I have had a lifelong affinity for animation early on and have grown up on animated features and shows including The Prince of Egypt, How to Train Your Dragon, Looney Tunes, and Animaniacs. My specific areas of interest within the animation industry include character design, character animation, visual development, and storyboarding. I have previous experience as an animation student at Santa Monica College and The Animation Academy, and I am now a 3rd-year animation student at Exceptional Minds.

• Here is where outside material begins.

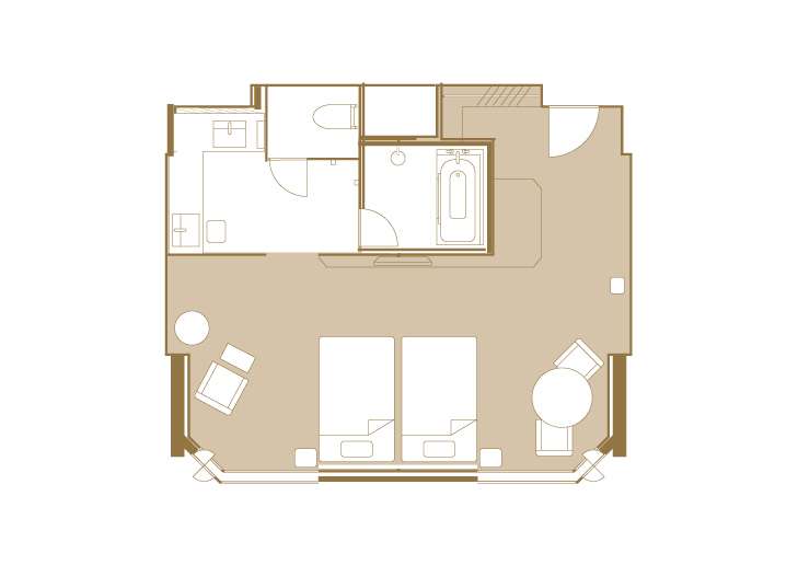 방의 배치는 어디까지나 일례입니다. 면적이나 가구 배치, 비품 등은 객실에 따라 다르므로 미리 양해 바랍니다.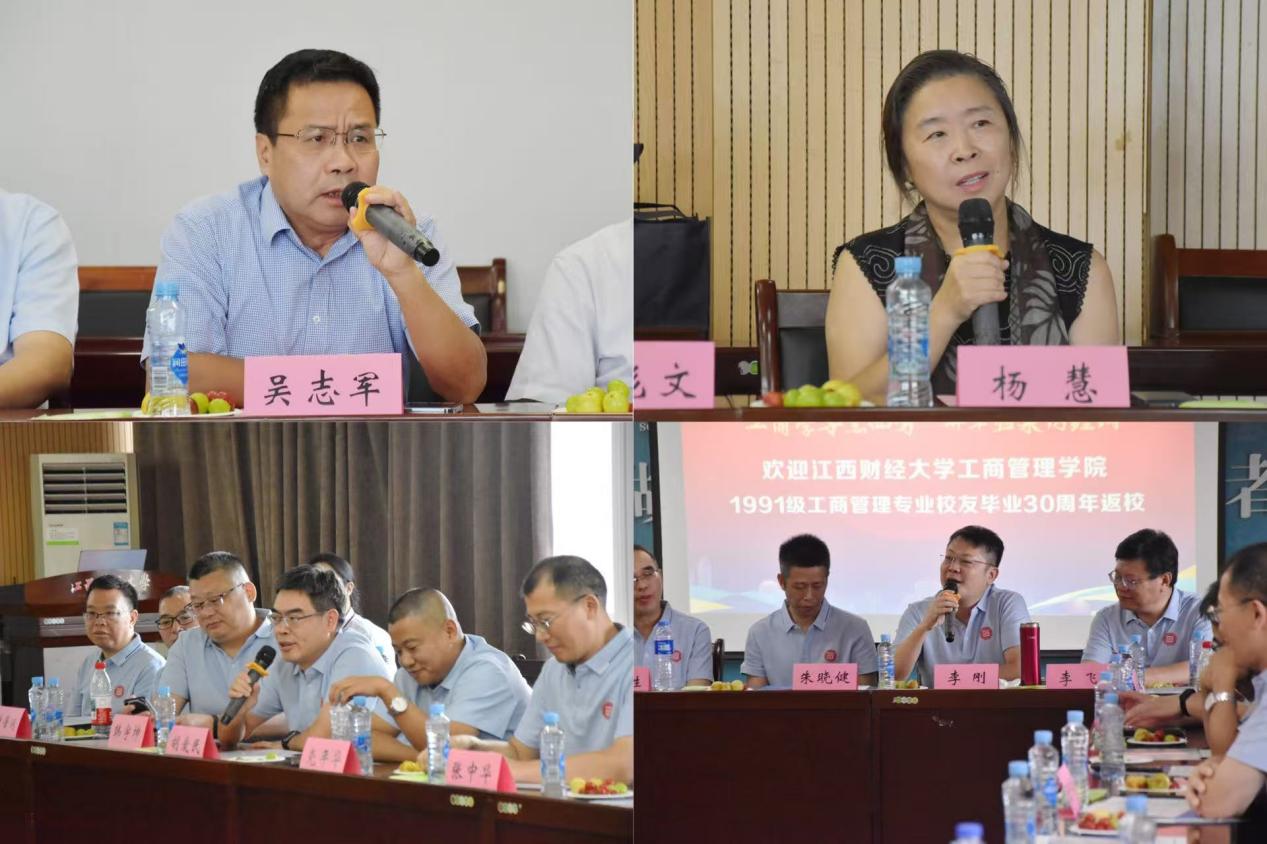 当日下午,工商管理学院1991级工商管理专业校友毕业30周年返校座谈会在麦庐园北区中至大楼416会议室举行。江西财经大学党委常委、副校长李春根,江西省教育考试院党委书记、91级工商管理专业班主任刘彪文,91级校友,景德镇陶瓷大学党委常委、纪委书记王金海,工商管理学院院长胡海波、党委书记贺三宝,91级工商管理专业班主任吴志军,教师代表杨慧等出席活动。座谈会由学院党委副书记周海燕主持。

I also have great admiration for nature, with Discovery Channel, Animal Planet, and Steve Irwin being my major influences. Whenever I had the opportunity, I would find ways to be able to work with animals and learn about wildlife. To name a few examples, I babysat the neighbors’ dogs, was a veterinary assistant, a horse-wrangler/riding instructor, a scuba diver, and eventually zookeeper. As much as I love the fantasy of living like Steve Irwin, it was difficult to reconcile if I eventually wanted a steady, safe, and more realistic occupation, with less physical strain and injury involved. When I was involved with the Boy Scouts, the screenwriter for Shrek 2 and Smurfs was in my troop. I got to witness him writing on those animated films in his notebook while we were all camping. He convinced me that my vast background and experience with animals would make me stand out as an animator since creature design, which is difficult to acquire, is a major quality in the animation industry and that working as an animator would be a very cool experience to put my knowledge to use. I also found out that for animated features including The Lion King (Disney) and Spirit: Stallion of the Cimarron (DreamWorks), studios had to import live animals as reference, and that having previous experience with animals gave animators a cutting edge and that would also allow me to hit the ground running. Since then, I knew I wanted to become an animator.
Breathing life and charm into drawn characters is an ongoing passion driving me to inquire about working in the animation industry. Because of this, my artistic inspiration is mainly derived from classic animators Chuck Jones, Don Bluth, Genndy Tartakovsky, Tex Avery, and James Baxter, who all are great examples of this. I am also excited to learn new styles and techniques.